The study identifies a significant association between gut microbial composition and Alzheimer’s disease biomarkers, providing new insights into the gut-brain axis while highlighting the need for further research to establish causality.

For decades, Alzheimer’s research has focused primarily on what happens inside the brain, particularly the buildup of amyloid-beta plaques. New drugs designed to remove these deposits have offered renewed hope for patients, but scientists are increasingly asking whether the disease may begin much earlier—and outside the brain itself.

One of the strongest candidates is the gut microbiome.
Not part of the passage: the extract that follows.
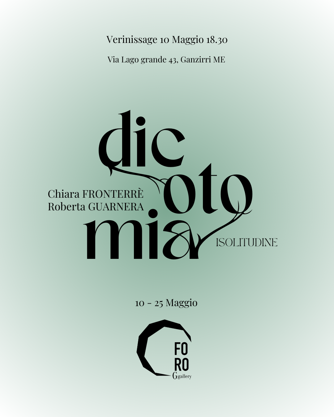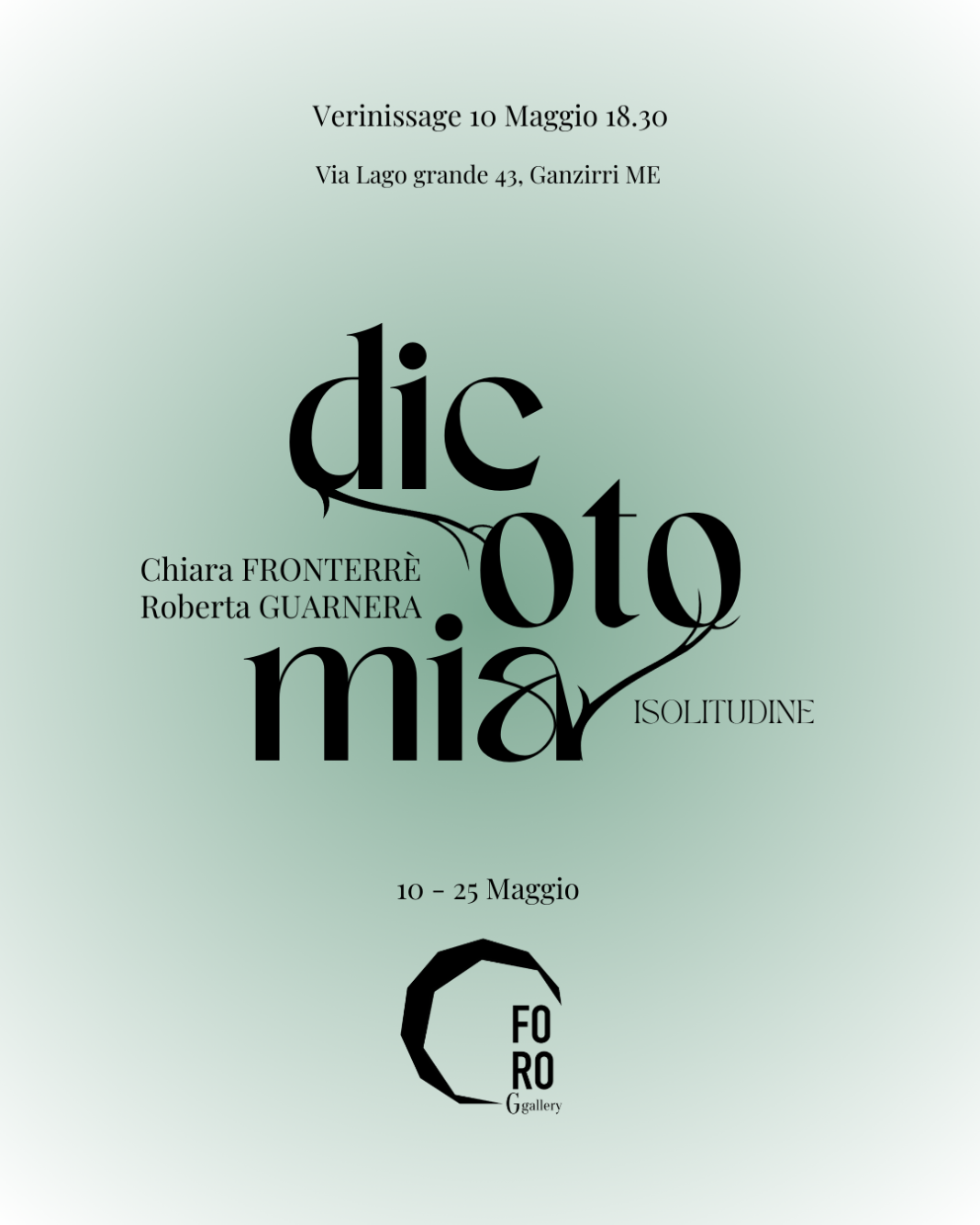 Dopo il primo dialogo artistico presso lo Studio BLU81 a Marzamemi “Dicotomia - Isolitudine” si sposta presso la FORO G gallery di Ganzirri, Messina, dal 10 al 25 Maggio.

Through immune, metabolic, and neural pathways, the trillions of microorganisms inhabiting the digestive tract communicate continuously with the brain, forming what researchers describe as the gut-brain axis.
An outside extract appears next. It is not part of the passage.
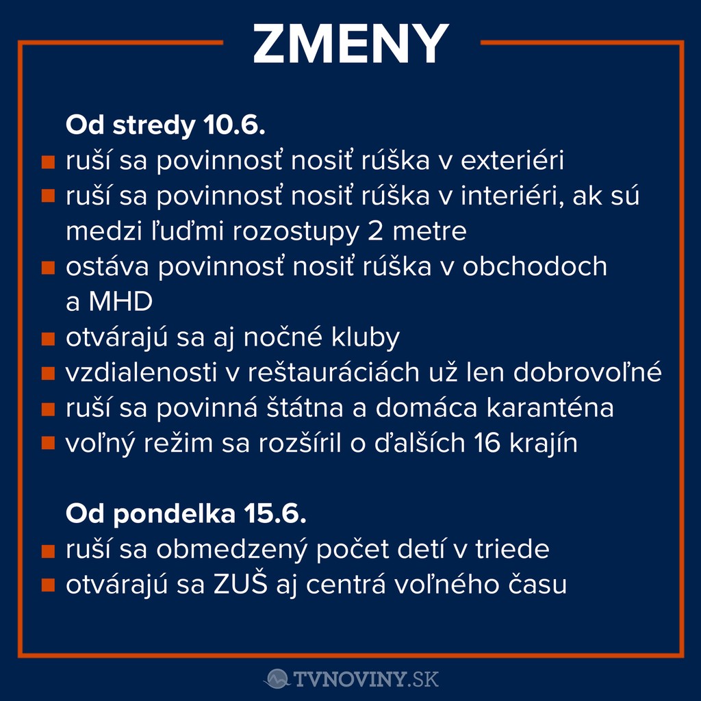 Rúška už vo vnútri nie sú povinné, ak ľudia dodržiavajú dvojmetrové rozostupy. Rúška už nemusíme nosiť ani na ulici. V obchodoch a v mestskej hromadnej doprave ostávajú rúška povinné.

Among these microbes, Akkermansia muciniphila has attracted growing attention. Previous animal studies have linked the bacterium to improved metabolism, reduced inflammation, and enhanced memory, suggesting it may help protect cognitive function.

Rather than grouping bacteria into broad taxonomic categories, the NYCU team used high-resolution genomic sequencing to identify microbes at the species level, allowing researchers to distinguish subtle but potentially important biological differences.

The analysis identified 59 bacterial species associated with either mild cognitive impairment or Alzheimer’s disease. Interestingly, even closely related bacteria appeared to play different roles: some species were more abundant in cognitively healthy participants, while others were enriched in individuals with cognitive decline.

The researchers also found that these microbes operate as interconnected communities rather than in isolation. Interactions among bacterial species may alter key metabolic functions—including pathways involved in branched-chain amino acid biosynthesis—that are associated with amyloid accumulation and neurodegeneration.

These findings suggest that it is the overall balance of the gut ecosystem, rather than any single bacterial species, that may influence brain health.

Professor Yi-Fang Chuang led the study, which combines microbiome analysis, brain imaging, and Alzheimer’s disease biomarkers to advance dementia research.
Professor Yi-Fang Chuang led the study, which combines microbiome analysis, brain imaging, and Alzheimer’s disease biomarkers to advance dementia research.

Professor Yi-Fang Chuang of NYCU’s Institute of Public Health, who led the study, said the research represents an important step toward understanding how gut microbes may contribute to Alzheimer’s disease.

“Although we observed a clear association between the gut microbiome and Alzheimer’s biomarkers, the underlying biological mechanisms remain to be clarified,” Chuang said. “Future longitudinal studies will be needed to determine whether microbial changes contribute to disease progression or are themselves a consequence of neurodegeneration.”

She added that gut microbial composition varies considerably across populations because of differences in genetics, diet, and lifestyle. Consequently, findings from Western populations cannot always be generalized to Asian communities.

By establishing one of Taiwan’s most comprehensive datasets linking gut microbiomes, brain imaging, and Alzheimer’s biomarkers, the study provides a valuable resource for future dementia research and opens new possibilities for developing microbiome-based strategies to predict, prevent, and eventually slow the progression of Alzheimer’s disease.